Wichtig: Die Abgrenzung von Depressionen zu einer beginnenden Demenz ist schwierig, denn die Symptome ähneln sich. Depressionen können beispielsweise eine „Pseudodemenz“ auslösen. Darunter versteht man eine Vergesslichkeit und Verwirrtheit, die nicht auf eine Reduzierung des Gehirnvolumens zurückgeht, sondern auf den depressionsbedingt mangelnden Antrieb und die fehlende Motivation. Als Anhaltspunkt zur Unterscheidung kann dienen, dass mit einer Demenz eine räumliche und zeitliche Orientierungsschwäche einhergeht.
Welche Symptome sollten Angehörige oder Betroffene aufmerksam machen? Neben den typischen Depressionssymptomen, wie unter anderem Antriebslosigkeit, verringerte Freude, Gefühle von Schuld- und Wertlosigkeit, Veränderung des Appetits, sind im Alter folgende Alarmzeichen für eine Depression zu finden:
• Beschwerden (Kopf-, Gelenk-, Herz oder Rückenschmerzen), für die keine eindeutige körperliche Ursache gefunden werden kann
• Vernachlässigung des Haushalts und der Körperhygiene
• vermehrte Gedanken und Äußerungen über das Sterben und den Tod
Unterschied zu Depressionen in anderen Altersspannen
Im Gegensatz zu Depressionen bei jüngeren Erwachsenen äußern sich Altersdepressionen stark auf körperlicher Ebene. Das heißt, psychosomatische Beschwerden, Schlafstörungen, Appetitmangel und damit verbundener rapider Gewichtsverlust und Bewegungsunfähigkeit sind häufig zu finden und sollten in Bezug auf eine mögliche Depression sehr ernst genommen werden.
Zunächst einmal ist es von großer Bedeutung, sich über das Thema zu informieren und sich des steigenden Risikos für Depressionen im Alter bewusst zu sein. Wenn der akute Verdacht besteht, dass ein älteres Familienmitglied oder Freund unter einer Depression leidet, sollten Angehörige die betreffende Person darauf ansprechen und möglicherweise das gemeinsame Gespräch mit dem Hausarzt suchen. Dieser kann dann eine Psychotherapie und eine medikamentöse Einstellung in die Wege leiten. Auch ältere Menschen profitieren von Psychotherapie und können durch eine angemessene Behandlung viel Lebensqualität dazu gewinnen.

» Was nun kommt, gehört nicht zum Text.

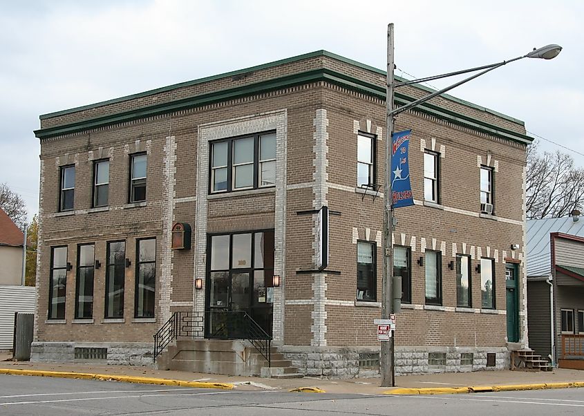 Bâtiment historique de la Holmen Bank à l'intersection des rues Main et State à Holmen, Wisconsin, par Jonathunder – Travail personnel, GFDL 1.2, Wikimedia Commons

Angehörige können außerdem ihre Hilfe anbieten, Verständnis zeigen und zu gemeinsamen Aktivitäten anregen. Weitere wichtige Hinweise zum Umgang mit an Depressionen erkrankten Personen finden Angehörige in unserem Blogbeitrag oder bei der Stiftung Deutsche Depressionshilfe. Zuletzt sei gesagt, dass es im Umgang mit den Betroffenen immer wichtig ist, dass der Person, wenn auch fortgeschrittenen Alters, mit Respekt und auf Augenhöhe begegnet wird. Denn zum „in Würde altern“ gehört auch psychische Gesundheit und Unterstützung.